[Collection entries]
● ● ● ●

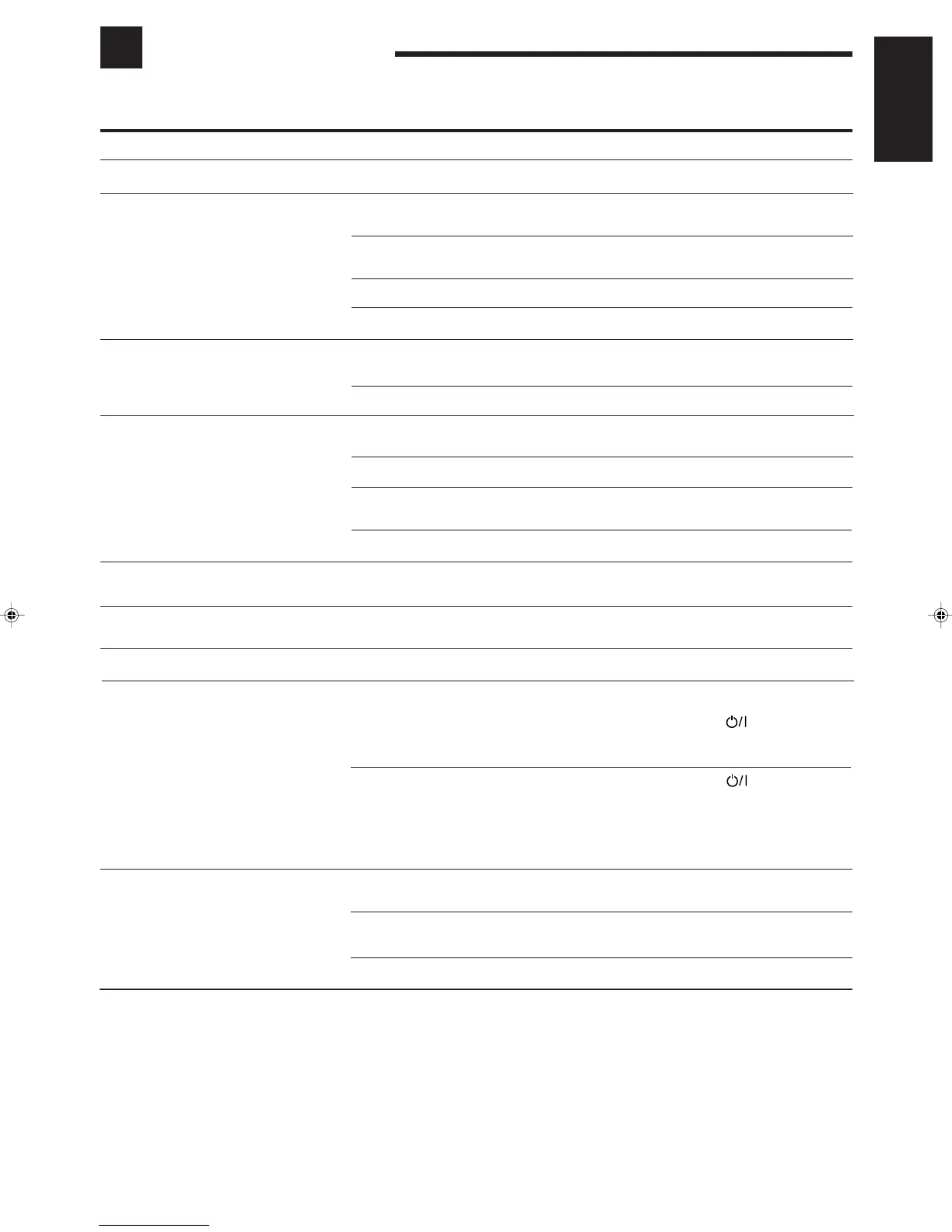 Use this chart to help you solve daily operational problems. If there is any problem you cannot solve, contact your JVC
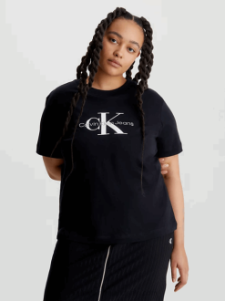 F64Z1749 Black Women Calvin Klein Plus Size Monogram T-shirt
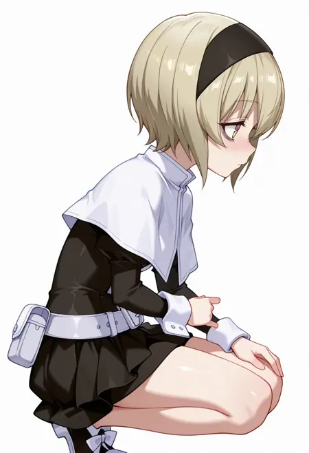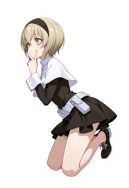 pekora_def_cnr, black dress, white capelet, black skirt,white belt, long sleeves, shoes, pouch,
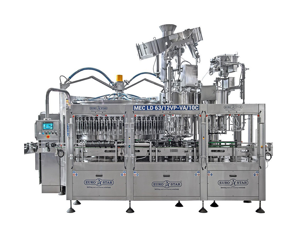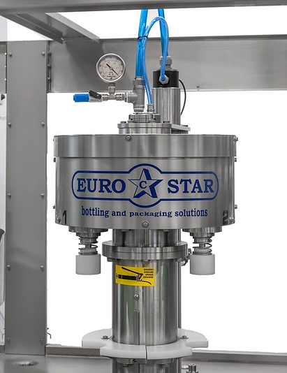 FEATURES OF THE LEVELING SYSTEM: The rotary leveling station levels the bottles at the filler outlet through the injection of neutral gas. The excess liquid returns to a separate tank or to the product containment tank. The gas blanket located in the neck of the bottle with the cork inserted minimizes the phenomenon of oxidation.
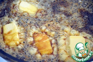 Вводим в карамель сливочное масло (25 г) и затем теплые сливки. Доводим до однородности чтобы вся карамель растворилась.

● ● ● ●

Prompt
The data shown above must be printed again exactly, with no images included.

Solution
 Use this chart to help you solve daily operational problems. If there is any problem you cannot solve, contact your JVC
 F64Z1749 Black Women Calvin Klein Plus Size Monogram T-shirt
 pekora_def_cnr, black dress, white capelet, black skirt,white belt, long sleeves, shoes, pouch,
 FEATURES OF THE LEVELING SYSTEM: The rotary leveling station levels the bottles at the filler outlet through the injection of neutral gas. The excess liquid returns to a separate tank or to the product containment tank. The gas blanket located in the neck of the bottle with the cork inserted minimizes the phenomenon of oxidation.
 Вводим в карамель сливочное масло (25 г) и затем теплые сливки. Доводим до однородности чтобы вся карамель растворилась.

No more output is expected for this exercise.